Estimate Parameters using Shapiro-Wilk test of normality

shapiro.test(diabetes$glyhb)
## 
##  Shapiro-Wilk normality test
## 
## data:  diabetes$glyhb
## W = 0.7218, p-value < 2.2e-16

We reject the H0 that the response variable, percent glycosolcated hemoglobin, is normally distributed.
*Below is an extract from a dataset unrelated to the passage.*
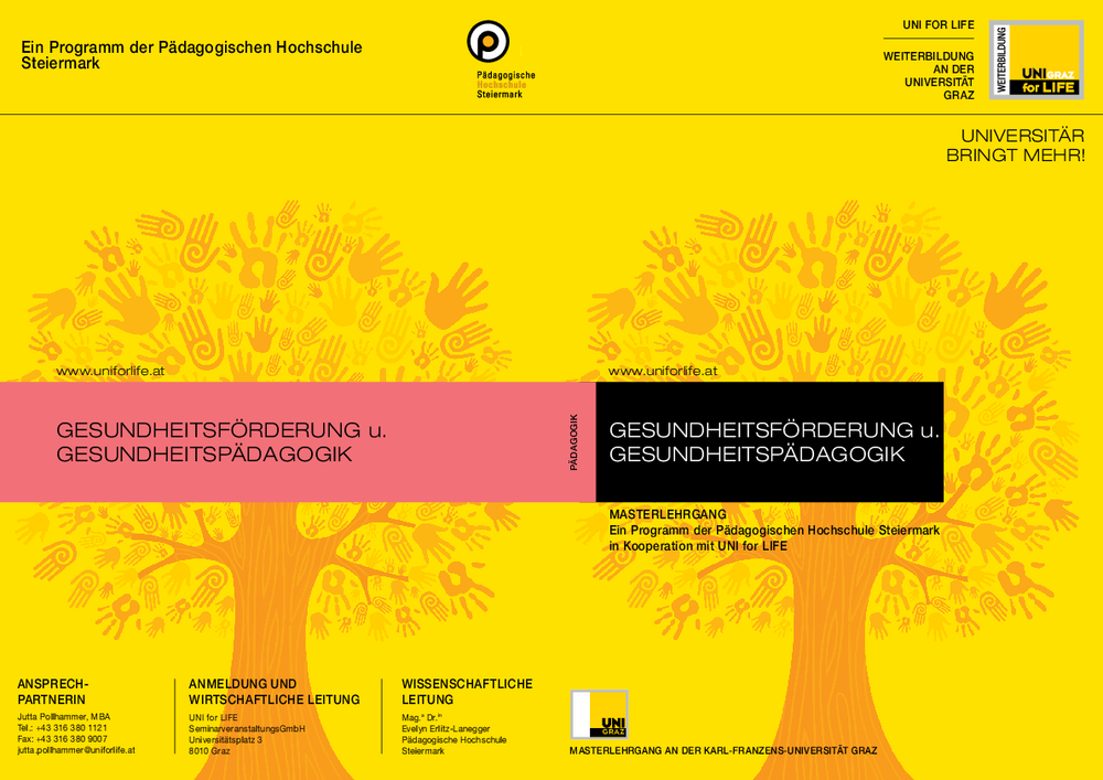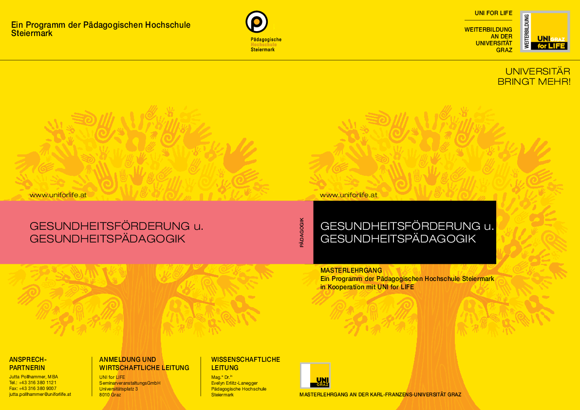 UNI for LIFE, die Weiterbildungsgesellschaft der UNI Graz, veranstaltet am 19.06.2013 um 18:00 Uhr einen Infoabend zum berufsbegleitenden Masterlehrgang "Gesundheitsförderung und -pädagogik".

Thus, we attempt to transform the data:

shapiro.test(diabetes$glyhb^2) 
## 
##  Shapiro-Wilk normality test
## 
## data:  diabetes$glyhb^2
## W = 0.5748, p-value < 2.2e-16
shapiro.test(sqrt(diabetes$glyhb)) 
## 
##  Shapiro-Wilk normality test
## 
## data:  sqrt(diabetes$glyhb)
## W = 0.7956, p-value < 2.2e-16
shapiro.test(log(diabetes$glyhb)) 
## 
##  Shapiro-Wilk normality test
## 
## data:  log(diabetes$glyhb)
## W = 0.8624, p-value < 2.2e-16
shapiro.test(log10(diabetes$glyhb)) 
## 
##  Shapiro-Wilk normality test
## 
## data:  log10(diabetes$glyhb)
## W = 0.8624, p-value < 2.2e-16
shapiro.test(1/diabetes$glyhb) 
## 
##  Shapiro-Wilk normality test
## 
## data:  1/diabetes$glyhb
## W = 0.9487, p-value = 2.171e-10

It appears that the data cannot be readily transformed into a normal distribution, which causes reliability issues with the model.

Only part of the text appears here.